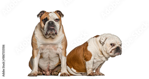 Obraz premium Two english bulldogs sitting portrait on white background
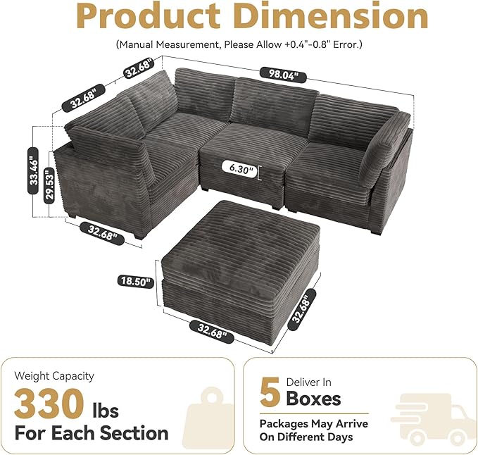- One Package Per Seat:The modular sofa comes with 5 boxes and may arrive at different dates. Each box is designed and packaged to maximize shipping efficiency and fits narrow staircase and elevator. Armchair Size: 32.7" W x 28" D x 33.5" H; Ottoman Size: 32.7" W x 32.7" D x 18.5" H. Weight Capacity: 330 lbs / Seat. There may be slight color differences due to light or monitor.
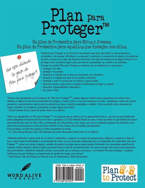 Planificar para Proteger no se trata de lo que tenemos que hacer para llevar a cabo programas y actividades, ni de imponer dificultades a su personal y voluntarios. La prevención de abusos y la protección de niños y jóvenes no es algo que tengamos que hacer, sino algo que tenemos el privilegio de hacer. Es un privilegio crear un entorno seguro para que nuestras comunidades nos confíen a sus familiares. Al poner en práctica Plan para Proteger, sus esfuerzos son un ministerio en sí mismo para:proteger a los niños proteger a los jóvenes demostrar el cuidado que se tiene con el personal y los voluntarios demostrar el cuidado que tiene con los padres y familiares fortalecer y nutrir la curación de las víctimas y supervivientes demostrar gracia, restauración y acogida al delincuente que llega a su iglesia demostrar responsabilidad e integridad y dar gloria a Dios
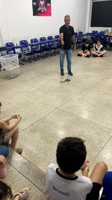 Além de aprenderem sobre os cuidados e procedimentos em caso de encontros com esses animais, os alunos puderam até mesmo tocar nas serpentes com segurança, uma experiência enriquecedora e inusitada.
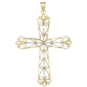 This large 14k two-color gold cross pendant has beaded cut-out hearts inside and white gold diamond cut tips. Dimensions: 1 5/8in x 1 1/4in without the bail. Weight: 2.7 grams. Made in USA.
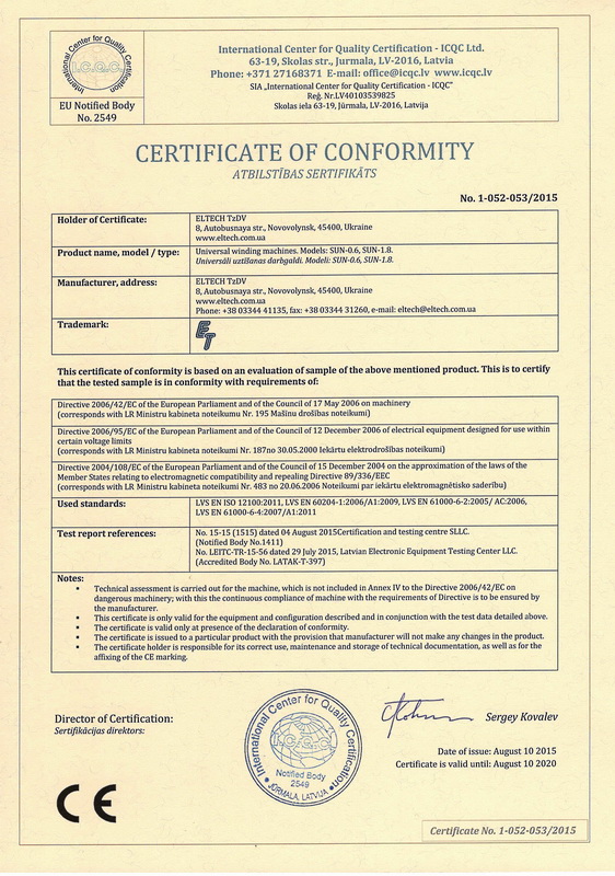 безопасности ЕС. После получения сертификата станки будут маркироваться знаком соответствия СЄ.
+++++
§ **WORK TASK**
Each record above needs to be transcribed word for word, with its pictures omitted.

§ **YOUR RESPONSE**
 Obraz premium Two english bulldogs sitting portrait on white background
- One Package Per Seat:The modular sofa comes with 5 boxes and may arrive at different dates. Each box is designed and packaged to maximize shipping efficiency and fits narrow staircase and elevator. Armchair Size: 32.7" W x 28" D x 33.5" H; Ottoman Size: 32.7" W x 32.7" D x 18.5" H. Weight Capacity: 330 lbs / Seat. There may be slight color differences due to light or monitor.
 Planificar para Proteger no se trata de lo que tenemos que hacer para llevar a cabo programas y actividades, ni de imponer dificultades a su personal y voluntarios. La prevención de abusos y la protección de niños y jóvenes no es algo que tengamos que hacer, sino algo que tenemos el privilegio de hacer. Es un privilegio crear un entorno seguro para que nuestras comunidades nos confíen a sus familiares. Al poner en práctica Plan para Proteger, sus esfuerzos son un ministerio en sí mismo para:proteger a los niños proteger a los jóvenes demostrar el cuidado que se tiene con el personal y los voluntarios demostrar el cuidado que tiene con los padres y familiares fortalecer y nutrir la curación de las víctimas y supervivientes demostrar gracia, restauración y acogida al delincuente que llega a su iglesia demostrar responsabilidad e integridad y dar gloria a Dios
 Além de aprenderem sobre os cuidados e procedimentos em caso de encontros com esses animais, os alunos puderam até mesmo tocar nas serpentes com segurança, uma experiência enriquecedora e inusitada.
 This large 14k two-color gold cross pendant has beaded cut-out hearts inside and white gold diamond cut tips. Dimensions: 1 5/8in x 1 1/4in without the bail. Weight: 2.7 grams. Made in USA.
 безопасности ЕС. После получения сертификата станки будут маркироваться знаком соответствия СЄ.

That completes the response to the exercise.